Dengan demikian, menjadi jelaslah bahwa aqidah Ahlul Hadits atau aqidah Atsariyah atau Hanabilah sama sekali berbeda dengan aqidah Salafi Wahabi. Sementara yang pertama diakui sebagai bagian dari Ahlussunnah Wal Jamaah, yang terakhir dianggap telah keluar dari Aswaja karena doktrin intoleran pada sesama muslim.[]

Footnote

[1] Al-Safarini, Lawami’ Al-Anwar Al-Bahiyah wa Sawati’ Al-Asrar Al-Atsariyah: Syarah Al-Durrat Al-Madiyah ala Aqaid Al-Firqah Al-Najiyah, hlm. 1/73. Teks asal: أهل السنة والجماعة ثلاث فرق : الأثرية : وإمامهم أحمد بن حنبل رحمه الله تعالى. والأشعرية : وإمامهم أبو الحسن الأشعري رحمه الله تعالى. والماتريدية : وإمامهم أبو منصور الماتريدي

[2] Tajuddin Al-Subki, Ithaf Al-Sadat Al-Mutaqin, hlm. 2/6. Al-Subki memasukkan juga kalangan Sufi sebagai golongan keempat yang tidak dikutip di sini karena di luar konteks.

[3] Hamad Sinan dan Fauzi Anjazi, Ahlussunnah Al-Asya’irah Syahadatu Ulama Al-Ummah wa Adillatuhum, hlm. 80. Teks asal:  أهل السنة والجماعة مصطلح ظهر للدلالة على من كان على منهج السلف الصالح من التمسك بالقرآن والسنن والآثار المروية

عن رسول الله ‘ وعن أصحابه رضوان الله تعالى عليهم، ليتميز عن مذاهب المبتدعة وأهل الأهواء. وإذا أطلق هذا المصطلح في كتب العلماء فالمقصود به الأشاعرة والماتريدية وأصحاب الحديث

[4] Yang dimaksud salafus salih adalah tiga generasi setelah Nabi meliputi Sahabat, Tabi’in dan Tabi’it tabi’in. Lihat, Beda Generasi Salafi dan Gerakan Salafi Wahabi.
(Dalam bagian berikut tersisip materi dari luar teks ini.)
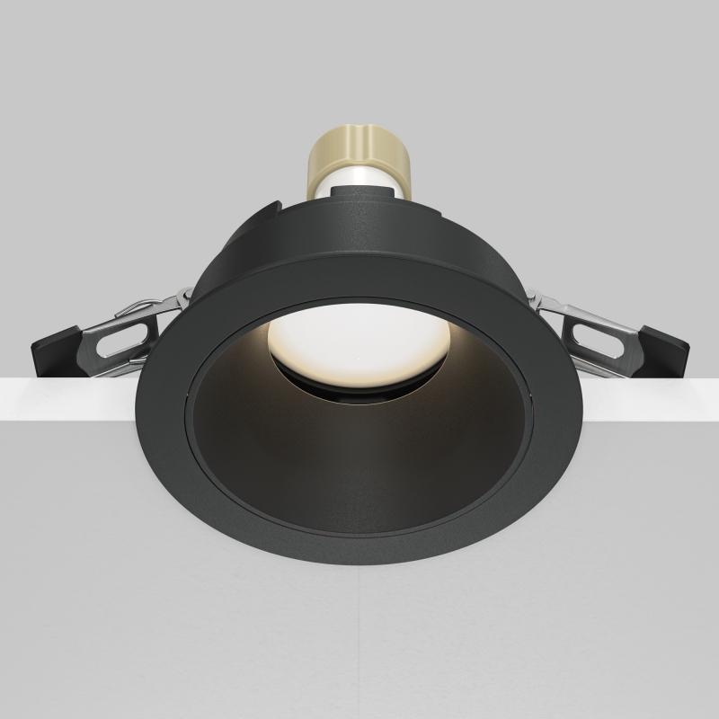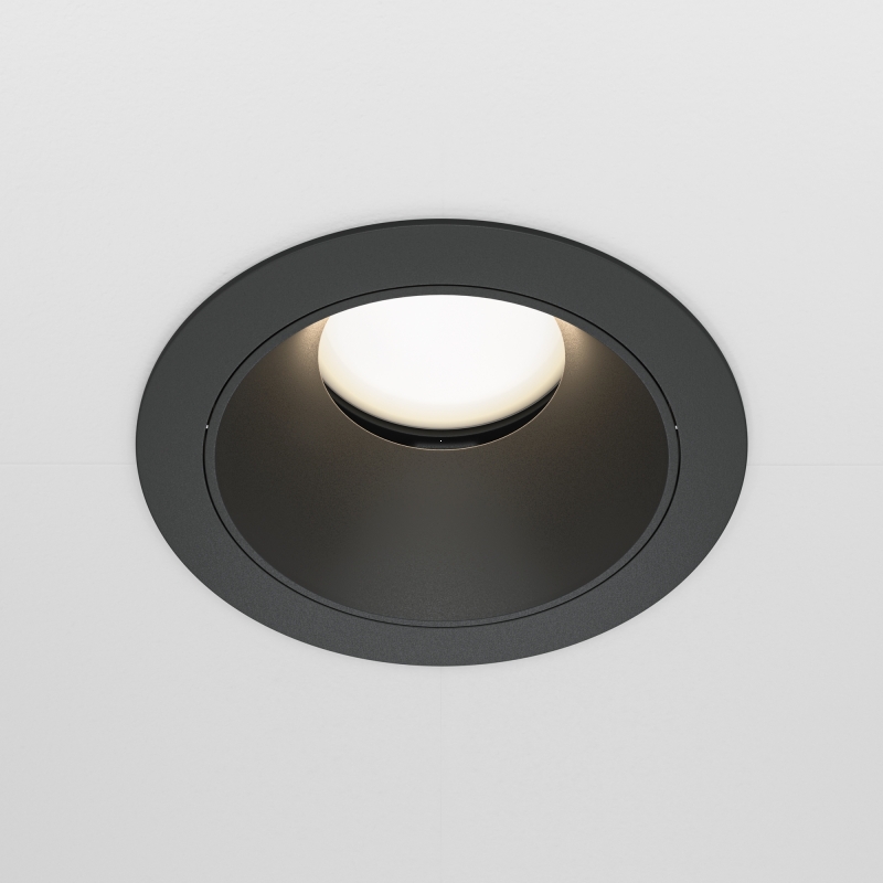 Светильник имеет округлую форму и выполнен в классическом черном цвете, что делает его универсальным решением для различных интерьеров. Корпус из алюминия придает изделию прочность и долговечность. Минималистичный дизайн позволяет легко интегрировать светильник в потолок, создавая эффект невидимого освещения. Фактура матового черного покрытия добавляет современности и стиля.
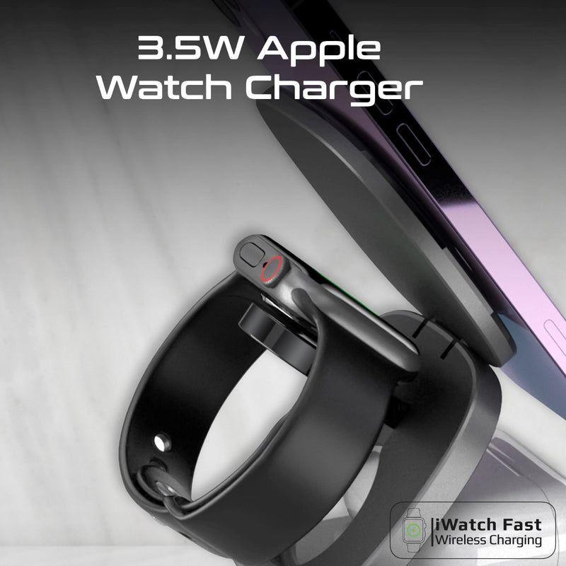 5‑in‑1 charging station: smartphone, smartwatch, earbuds, and two high-speed wired ports.
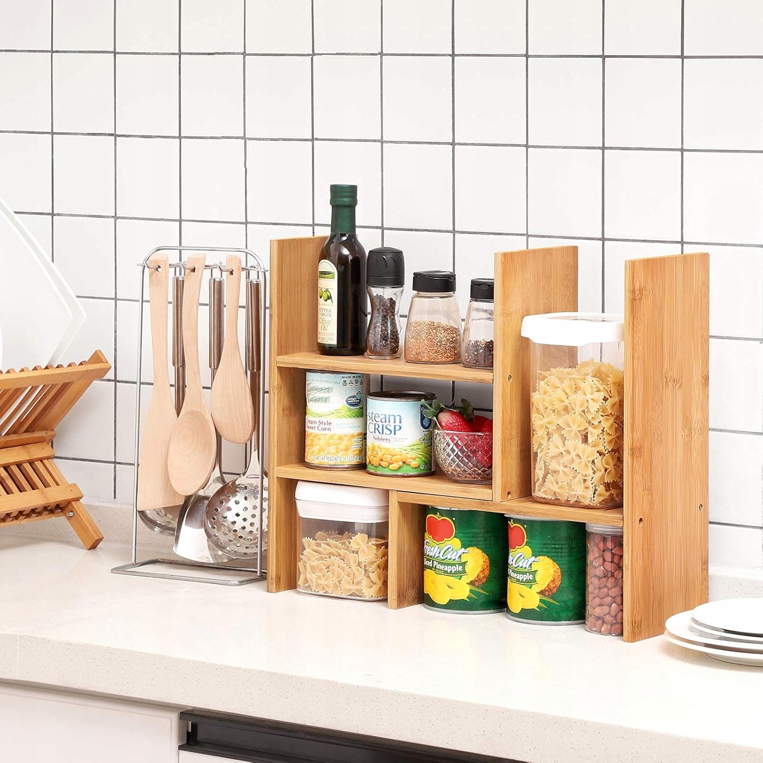 Регульовані полиці, організатор столу, займаючи невелику космічну книжкову шафу для офісу, кухні, ванні кімнати, натуральний бамбук
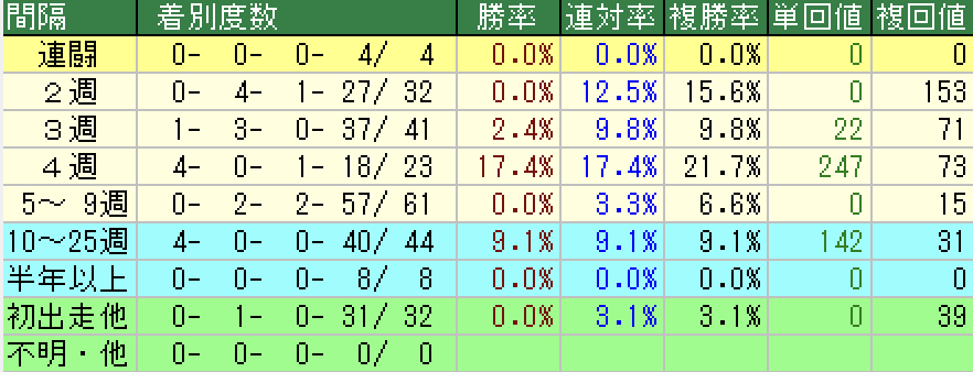 もう1点気になるのは中8周で間隔が空く点。羽月厩舎は詰めて使った方が結果が出る厩舎で、実際に間隔別データを見てもこんな感じ。
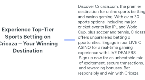 1. Discover Cricaza.com, the premier destination for online sports be tting and casino gaming. With ov er 30 sports options, including ma jor cricket events like IPL and World Cup, plus soccer and tennis, C ricaza offers unparalleled betting o pportunities. Engage in our LIVE C ASINO for a real-time gaming experience with LIVE DEALERS. Sign up now for an unbeatable mix of excitement, secure transactions, and rewarding bonuses. Bet responsibly and win with Cricaza!
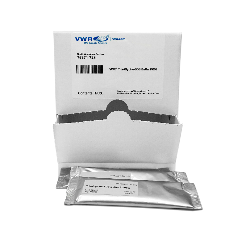 VWR® Buffer Powder Packs can save time and money, as there is no need to measure and weight many separate chemical components which is required when making buffers from scratch., VWR® Pre-measured buffer packs are extremely easy to use and are formulated so each pack makes 1 Liter of 1X buffer. Simply tear open a pack and mix completely with 1 liter of distilled water., 04_BodyText: Shipping costs are also minimal, as each case of 50 or 100 packs is compact and weighs only 2.5 Lbs., 02_BulletPoint: Buffer powder quickly dissolves to make 1L of 1X solution | No weighing or measuring of separate components | No pH adjustments required | Economical shipping, long shelf life | Quality and consistency guaranteed, 08_Certifications: COA avaialble for each lot number, 12_Packaging: Each case of buffer packs is packaged in a convenient dispenser box, which takes up very little lab space. Included in each case is an instruction insert, and a roll of stickers to label each container of prepared buffer solution., VWR® Tris-Glycine-SDS Buffer, Size: 50 pks, Cat. No.: 76371-728, pH: 8.1 - 8.6, Formulation: 25mM Tris, 192mM Glycine, 0.1% SDS, Final SAP Desc Link: 17076431, SAP Description Status: Ready, VWR® Buffer Powder Packs can save time and money, as there is no need to measure and weight many separate chemical components which is required when making buffers from scratch., VWR® Pre-measured buffer packs are extremely easy to use and are formulated so each pack makes 1 Liter of 1X buffer. Simply tear open a pack and mix completely with 1 liter of distilled water., 04_BodyText: Shipping costs are also minimal, as each case of 50 or 100 packs is compact and weighs only 2.5 Lbs., 02_BulletPoint: Buffer powder quickly dissolves to make 1L of 1X solution | No weighing or measuring of separate components | No pH adjustments required | Economical shipping, long shelf life | Quality and consistency guaranteed, 08_Certifications: COA avaialble for each lot number, 12_Packaging: Each case of buffer packs is packaged in a convenient dispenser box, which takes up very little lab space. Included in each case is an instruction insert, and a roll of stickers to label each container of prepared buffer solution., Final SAP Desc Link: 17076431, SAP Description Status: Ready
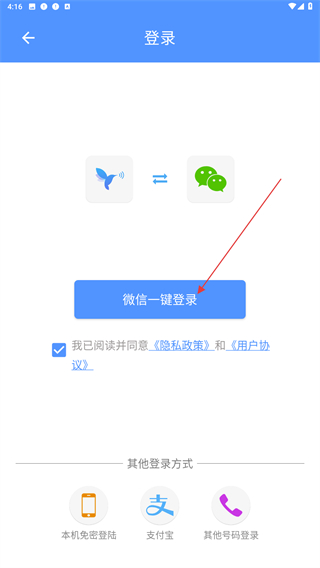 3、進(jìn)入登錄的頁面,點(diǎn)擊微信一鍵登錄的按鈕即可。
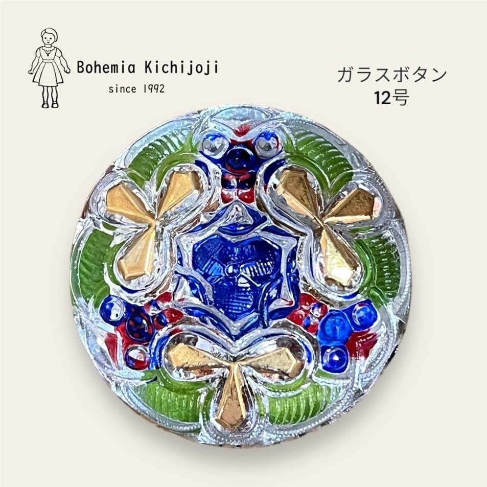 【チェコ ガラスボタン】ハッピークローバー(ブルー レッド グリーン ゴールド)12号
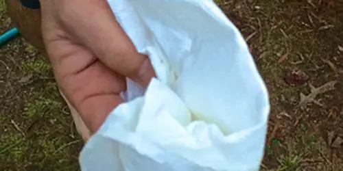 Mix equal parts boiled linseed oil and mineral spirits (drying agent) in a container. I used a 5 gallon bucket. You only need enough to completely saturate the cloth. I used two cups of each and found dry spots on the sheet. Another cup of each did the trick. Other DiY’ers have “painted” the oil on their cloth. For the best coverage, message the oil into the material in a bucket. You’ll probably want gloves for this step.
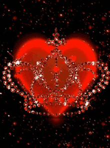 A sparkling red heart adorned with a diamond-like crown on a dark, glittery background.
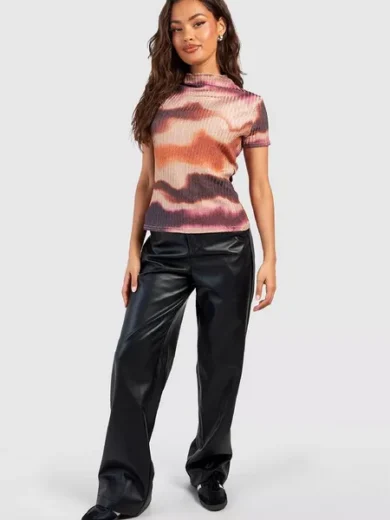 ABSTRACT KNITTED RIB FUNNEL NECK TOP
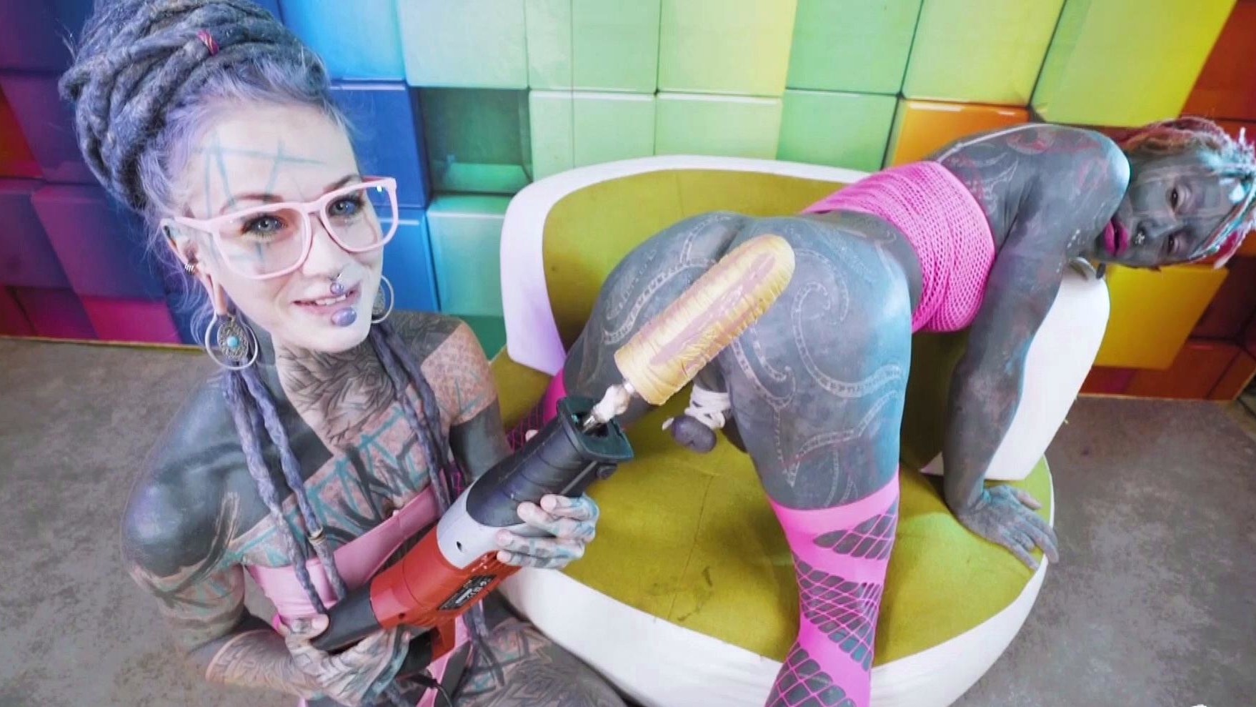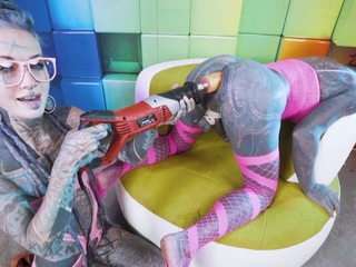 Anuskatzz uses a jackhammer toy on Lily Lu's ass
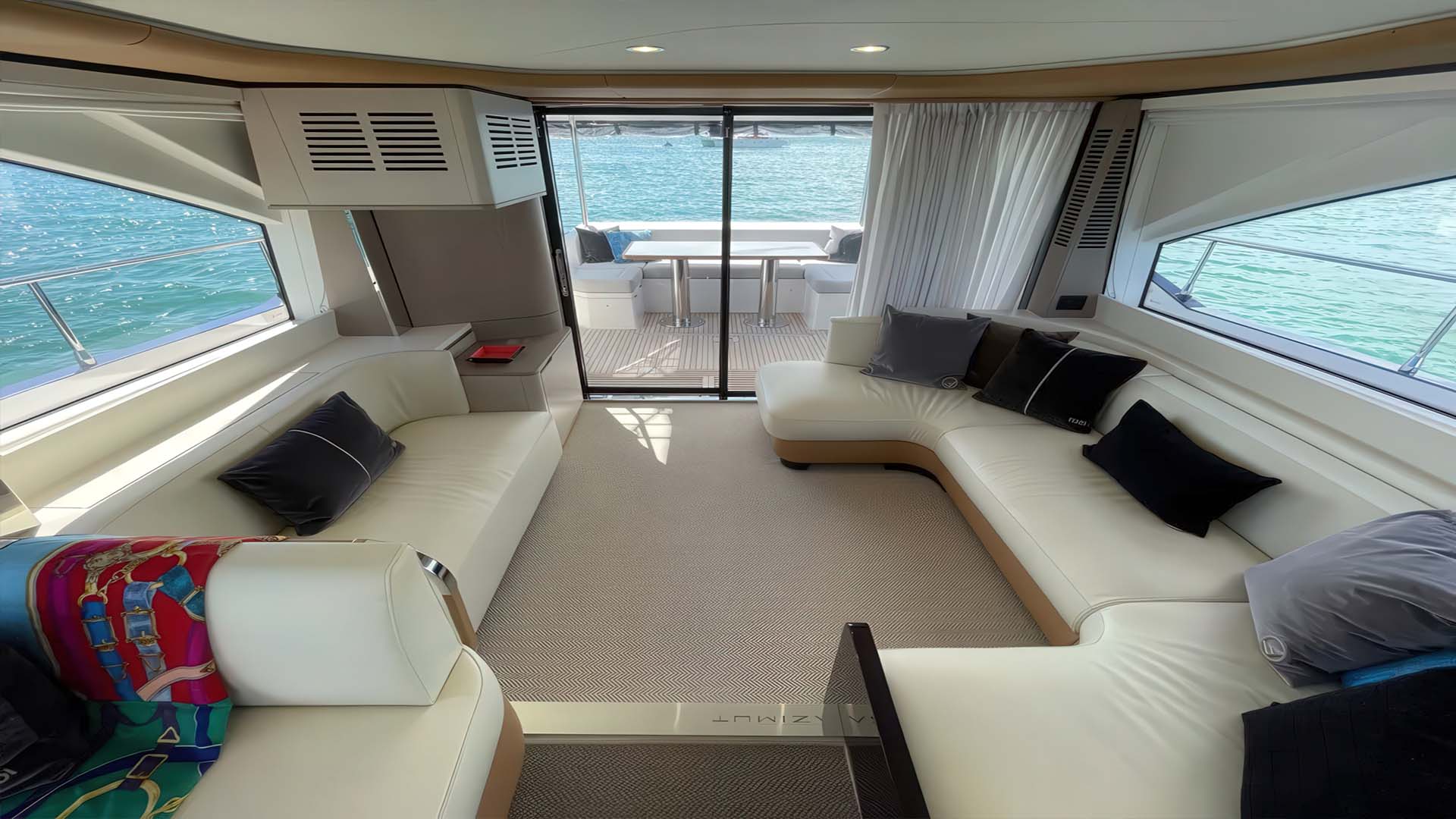 Внутри Azimut 60 царит атмосфера изысканной непринуждённости. Светлые тона, матовое дерево, кожаные диваны и хромированные акценты создают пространство, где роскошь не кричит, а шепчет. Высокий-низкий стол в салоне трансформируется одним движением, утром это обеденная зона для завтрака с панкейками и свежими фруктами, вечером - коктейльный бар для аперитивов под джаз.

[5] Al-Dzahabi, Siyar A’lam Al-Nubala, hlm. 11/195. Teks asal: خرجتُ من بغداد وما خلَّفتُ بها أحداً أورع ولا أتقى ولا أفقه من أحمد بن حنبل

[6] Lihat, A. Fatih Syuhud, “Aqidah Asy’ariyah Madzhab Mayoritas Ulama Ahlussunnah”, fatihsyuhud.net

[7] Ini salah satu hal yang membedakannya dengan aqidah Asy’ariyah dan Maturidiyah. Lihat, ibid.

[8] Al-Safarini, op.cit, hlm. 1/56.

[9] Al-Safarini, op.cit, hlm. 1/276.

[10] Ibid, hlm. 1/352.

[11] Ibid, hlm. 2/256.

[12] Mustafa Hamdu Ilyan Al-Hanbali, Al-Hanabilah wa Al-Ikhtilaf ma’a Al-Salafiyah Al-Muashirah, hlm. 113.

[13] Husain bin Ali Segaf, Tandid biman Addada Al-Tauhid, hlm. 8. Lebih detail lihat “Beda Tauhid Ahlussunnah dan Salafi Wahabi (1): Rububiyah dan Uluhiyah,” fatihsyuhud.net

[14] Lihat “10 Pembatal Keislaman menurut Wahabi Salafi”, fatihsyuhud.net

[15] Harian Al-Ahram Mesir, Edisi 5 April 2011. Akses online: http://www.ahram.org.eg/archive/Religious-thought/News/71007.aspx Teks asal: أن السلفيين الجدد هم “خوارج العصر”، وأن جمهور المسلمين لم يكونوا على هذا المذهب لأنهم كانوا إما مالكية أو شافعية أو أحنافًا، وإما حنابلة وأن السلف أو السلفية ليس مذهبًا أو مدرسة

[16] Al-Madzhab Al-Hanbali Bari’un min Ibni Taimiyah, wa Ibni Jauziyah, wa Al-Salafiyah Al-Mutatorrifah. Akses online: http://www.islamist-movements.com/3542

[17] “Muktamar Sheeshan 2016”, tabafoundation.com, 31 Agustus 2016.